Data preparation involves splitting the data into training and validation sets, creating the necessary data structures for loading data into the model and so on. The prepare_data() function can directly read the training samples in one of the above specified formats and automate the entire process.

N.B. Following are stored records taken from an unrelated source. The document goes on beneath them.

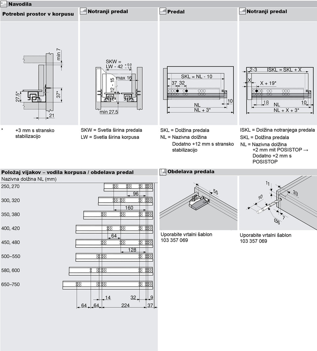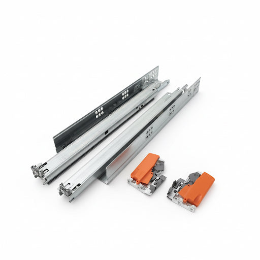 Blum Tandem BLUMOTION 560H je skriti vodilni sistem za lesene predale, ki ga zaradi svoje tehnologije in kakovosti pogosto imenujejo kar zlati standard v pohištveni industriji. Vodila so nameščena pod predalom, zato ostane videz pohištva čist in eleganten, hkrati pa sistem omogoča gladko drsenje in tiho zapiranje.
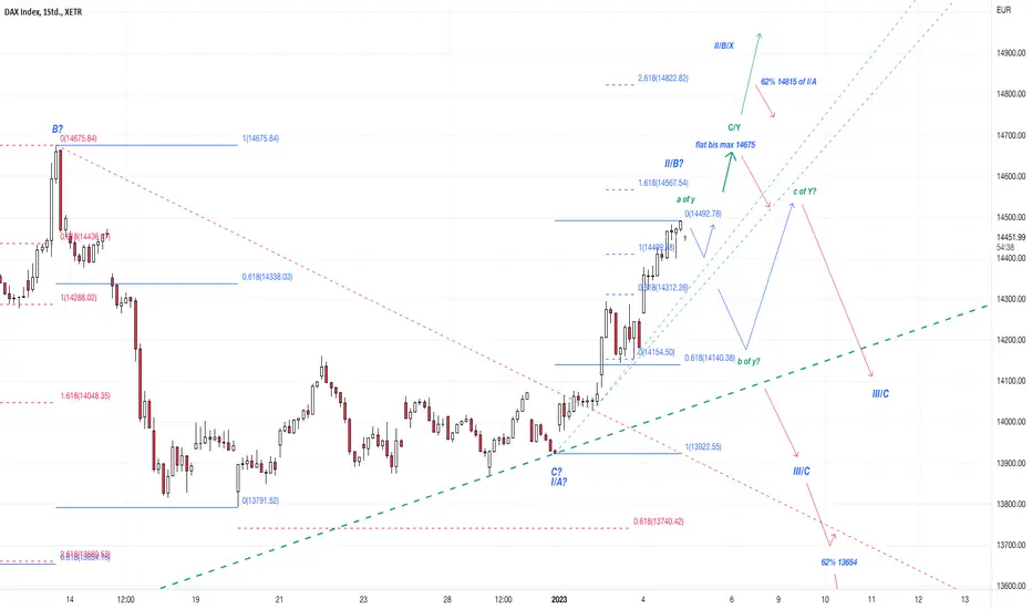 Wie der Chart zeigt, gibt es aber auch noch einige andere Möglichkeiten. Angenommen der DAX ist in einer II/B aufwärts aktiv, könnte er nun jederzeit in eine III/C abwärts wechseln und ein Tief unter 14059/13791 anstreben. Eine weitere Möglichkeit wäre eine Auffächerung der Aufwärtsbewegung als y. Eine Zwischenkorrektur in Richtung von 14140 wäre hier als b von y möglich. Als potentielle Unterstützungen/Widerstände sehe ich aktuell 14500/14440/14380/14320. Möglich, dass der DAX hier erstmal eine Weile verbringt. Der Bereich 14585-14321 beschäftige uns schon im November/Dezember.
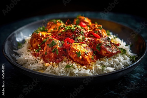 Rich, dark plate brimming with vibrant egg curry, garnished, on fluffy white rice
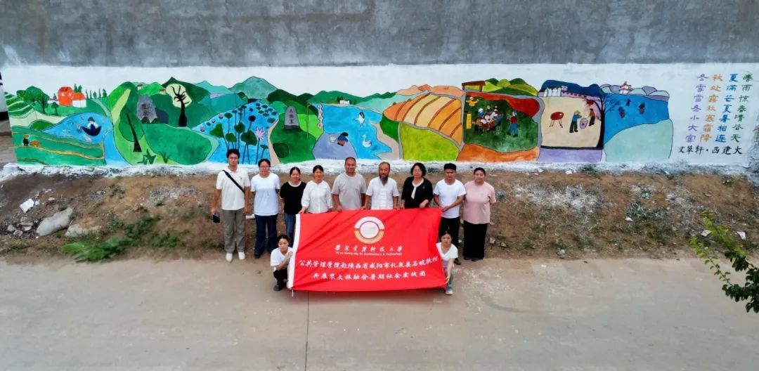 在文化强国建设的背景下,乡村文化建设是推动农文旅融合,实现乡村振兴的一条重要路径。为深入践行乡村文化振兴战略,助力乡村文化发展,Ray竞技官网于2025年8月22日赴陕西省咸阳市礼泉县石坡扶村开展为期两天的农文旅融合实践活动。建大学子以青春之笔,用艺术点靓乡村,与文翠轩共同创作了总面积逾100平方米的墙绘作品。
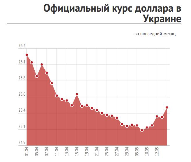 Напомним, в пятницу, 13 мая, курс доллара на межбанке вырос. Торги закрылиcь котировками 25,42 – 25,49 грн/долл.
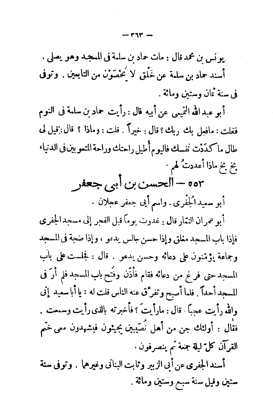 يونس بن محمد قال مات حماد بن سلمة فى المسجد وهو يصلى
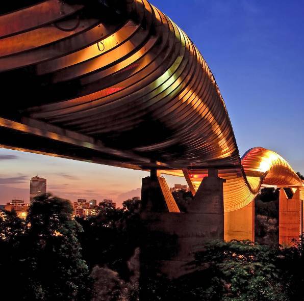 亨德森波浪人行橋是新加坡最高的人行橋,距離地面 36 米,橋梁總長 274 米,上下起伏的波浪看起來設計感十足。獨自或結伴在橋上走走,累了還有私密性很好的休息區,不僅適合拍照,也是跑步親近大自然的好地方。想要一點浪漫?那就在傍晚帶TA來,燈光映襯晚霞,氣氛滿格。
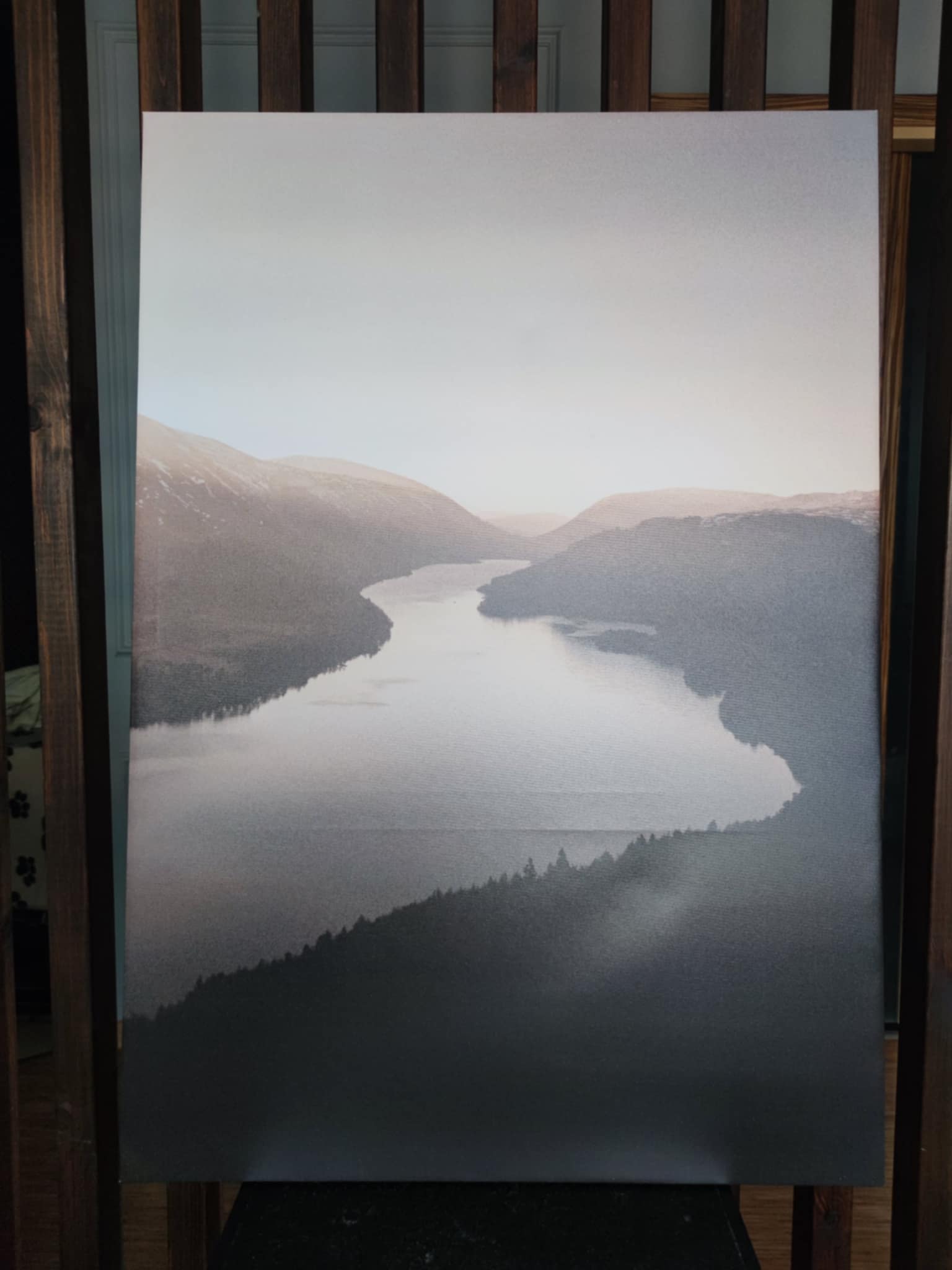 Aukščiausios kokybės 240 g/m2 drobė, užtempta ant 2 cm MDF rėmo.

While calling this function, user has to provide the following arguments:

path - Path to data directory for data in IOB or BILUO format or the path to the json file if labelled training data is in JSON format.
dataset_type - Input format for you labelled training data (one of IOB, BILUO, ner_json).
class_mapping - Entity defined in 'address_tag' will be treated as location (addresses or geographical locations).
encoding - The encoding to read the csv/json file (default is set to 'UTF-8').
text_columns - Provide the text column name when using csv format data.

import os
import spacy
import random
from arcgis.learn import prepare_textdata
from arcgis.learn.text import EntityRecognizer

json_path = os.path.join('data', 'EntityRecognizer', 'labelled_crime_reports.csv')

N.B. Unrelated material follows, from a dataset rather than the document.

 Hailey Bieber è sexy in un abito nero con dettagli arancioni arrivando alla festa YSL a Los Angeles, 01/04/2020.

data=prepare_textdata(path=json_path, task="entity_recognition", dataset_type='csv', text_columns="text", class_mapping={'address_tag':'Address'})

The show_batch() method can be used to visualize the training samples, along with labels.

data.show_batch()

	text	Address	Crime	Crime_datetime	Reported_date	Reported_time	Reporting_officer	Weapon
0	One victim was punched several times in the fa...	[300 block of Parkwood Lane]	[robbed, punched, pushed down]	[Monday night]	[01/19/2016]	[10:00 AM]	[PIO Joel Despain]
1	A MPD detective noticed a person slumped over ...	[Culver's, 1325 Northport Dr., Sherman Ave.]			[01/24/2019]	[9:06 AM]	[PIO Joel Despain]
2	The MPD is seeking citizen help in locating a ...	[W. Badger Rd]	[missing]	[9:00 p.m. Monday night]	[08/23/2017]	[1:04 PM]	[PIO Joel Despain]
3	A City of Madison Parking Enforcement Officer ...	[Riley's Wines of the World, 1400 Block of Mor...	[stolen, stolen]	[June 21, 2016]	[06/24/2016]	[6:28 PM]	[Sgt. Nicholas Ellis]
4	A dispute over a State St. panhandling spot re...	[500 block of State St.]	[dispute, punched, battery]		[03/20/2017]	[11:48 AM]	[PIO Joel Despain]
5	A Madison man reported being robbed of cash an...	[N. Marquette St]	[robbed]	[last night]	[09/14/2016]	[10:34 AM]	[PIO Joel Despain]	[handgun]
6	On 6/10/18 at 1:50 am the Madison Police Depar...	[2000 block of Post Rd]		[6/10/18 at 1:50 am]		[3:26 AM]	[Lt. Jamar Gary]
7	A concerned caller told police a driver fired ...	[intersection of Wisconsin Ave. and E. Gorham ...	[ired some type of weapon, weapon's violation]	[Fourth of July, around 11:00 p.m., 8:00 p.m. ...		[10:55 AM]	[PIO Joel Despain]	[flare gun]

EntityRecognizer model

EntityRecognizer model in arcgis.learn can be used with spaCy's EntityRecognizer backbone or with Hugging Face Transformers backbones. The model training and inferencing workflow is similar to computer vision models in arcgis.learn.

Run the command below to see what backbones are supported for the entity recognition task.

print(EntityRecognizer.supported_backbones)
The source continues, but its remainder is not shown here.